Moverse dentro de las exigencias éticas y las limitaciones políticas crea dilemas en cualquier transición de este tipo. En Chile las instituciones existentes no tenían capacidad para enfrentar las violaciones de derechos humanos por lo que el nuevo Gobierno creó la "Comisión de Verdad y Reconciliación" precisamente con ese objetivo. He aquí algunos elementos que hemos de considerar en esta experiencia, así como en otras:

  • La Comisión de la Verdad nació de un proceso negociado entre personas, muchas todavía en el poder y que habían sido responsables de la violación de los derechos humanos y el nuevo Gobierno. Este gobierno no era fuerte y operaba bajo el aparato y la Constitución del Gobierno anterior, la dictadura. Sería ingenuo pensar que la Comisión se creó para tratar las necesidades de la víctimas. (Véase artículo en Peace News 2438, págs 16 y 17)

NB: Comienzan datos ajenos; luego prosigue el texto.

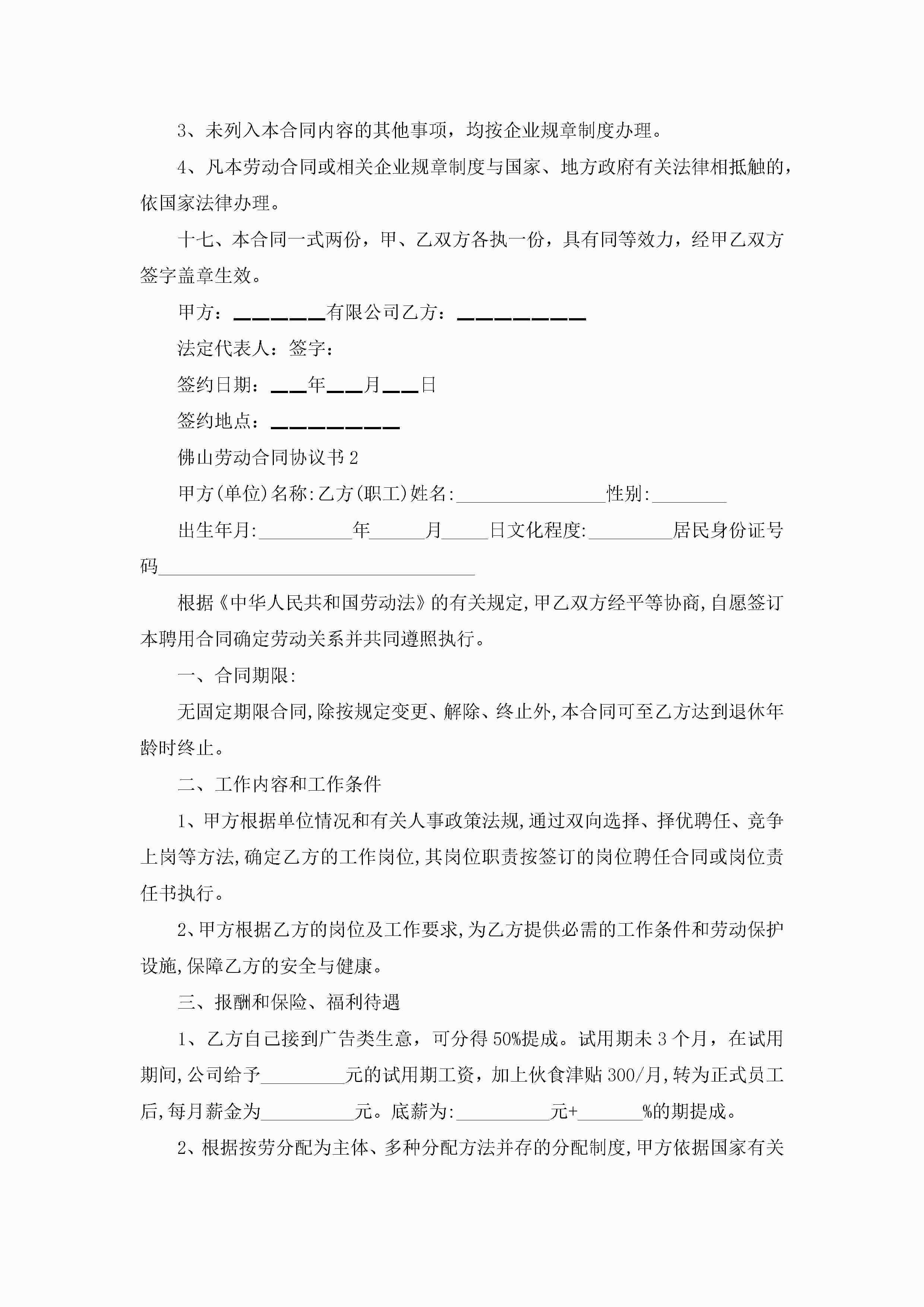佛山劳动合同协议书【3篇】jugei3月23日 01:44发布关注193 佛山劳动合同协议书【3篇】此内容为付费资源,请付费后查看¥10.9 单篇文档限时特惠¥15个人会员开通企业会员开通立即下载无需登陆!可直接快捷下载单个模板付费资源© 版权声明THE ENDWord模板# 实用文档# 实用模板# 合同模板# 劳动合同 如有问题,可点击最底部“联系我们”联系客服 分享QQ空间微博QQ好友海报分享复制链接收藏

  • Desde un punto de vista ético, el objetivo de trabajar de manera sistemática el legado de atrocidades tiene que ver con reconstrucción moral, es decir, se reconstruye el orden moral que ha sido destruido o seriamente dañado, o bien se crea un nuevo orden moral distinto a los que se recuerdan en la memoria histórica.
  • Mientras que desde un punto de vista ético el objetivo es la reconstrucción moral, desde un punto de vista político el propósito es la maximización. Por maximización entendemos la consecución de lo mejor posible en las circunstancias dadas. Aquí, nuestra energía y contribuciones son fundamentales.
  • Contamos con distintos elementos que se articulan en torno a la verdad; la justicia, el perdón, etc. que nos servirán de herramientas para avanzar en nuestros objetivos paralelos de prevención y reparación dentro del proceso de reconstrucción moral.
  • Perdón y reconciliación. Éstas no son meras palabras. No se pueden exigir, ni se pueden prescribir por ley. Son la conclusión y el resultado de un proceso enraizado en la reconstrucción moral. Veamos los factores comunes a cualquier proceso de perdón, tal y como se desprenden de las principales tradiciones religiosas:
    • dar a conocer la falta,
    • reconocerla,
    • expiarla;
    • que el culpable se comprometa a no volver a cometerla, y
    • que se produzca un resarcimiento.
  • Existe una dualidad entre las víctimas individuales y la nación. Ambos son importantes. Las víctimas y sus familiares merecen respeto y deberían consultadas con la mayor de las consideraciones. Sin embargo en la sociedad el proceso de reconstrucción moral se halla en manos de las autoridades y las víctimas deberían estar conscientes de las limitaciones que impone esta situación.
  • Ninguna sociedad puede reconciliarse sobre la base de una memoria dividida porque la memoria forma parte de la identidad. De ser así la identidad también estaría dividida.
  • Sin verdad ni reconocimiento, la reconciliación no es posible. El resarcimiento es muy importante porque concreta el reconocimiento de la dignidad de la víctima.
  • Los dirigentes y las organizaciones que trabajan con las víctimas deberían ser cautelosos con lo que ofrecen y su alcance. Debe existir coherencia entre lo que se ofrece y se entrega.
  • Las nuevas autoridades políticas deberían estar conscientes de las limitaciones que impone una situación en la que el adversario tiene poder, incluso armado, controla el funciones públicas y/o goza de apoyos políticos. Deben estar conscientes de estas limitaciones pero no deben dejarse amedrentar.
  • Los dirigentes no deberían olvidar nunca que la falta de presión política para plantear estos temas no significa que éstos no estén buyendo en el subsuelo a la espera de saltar a la superficie.
  • Es muy importante que las políticas aprobadas sean sostenibles en el presente y también a largo plazo y, además, que sean lo más transparentes posible.
  • Es muy importante que se actúe rápidamente. Las nuevas autoridades deberían beneficiarse del momento y de la legitimidad que tienen para tomar la iniciativa y proponer políticas.
  • Resumiendo: Las medidas en sí deberían lo más justas posible. La moral se ha de respetar en todas las actuaciones y procedimientos. Si se crea una comisión, todo el mundo debería estar representado.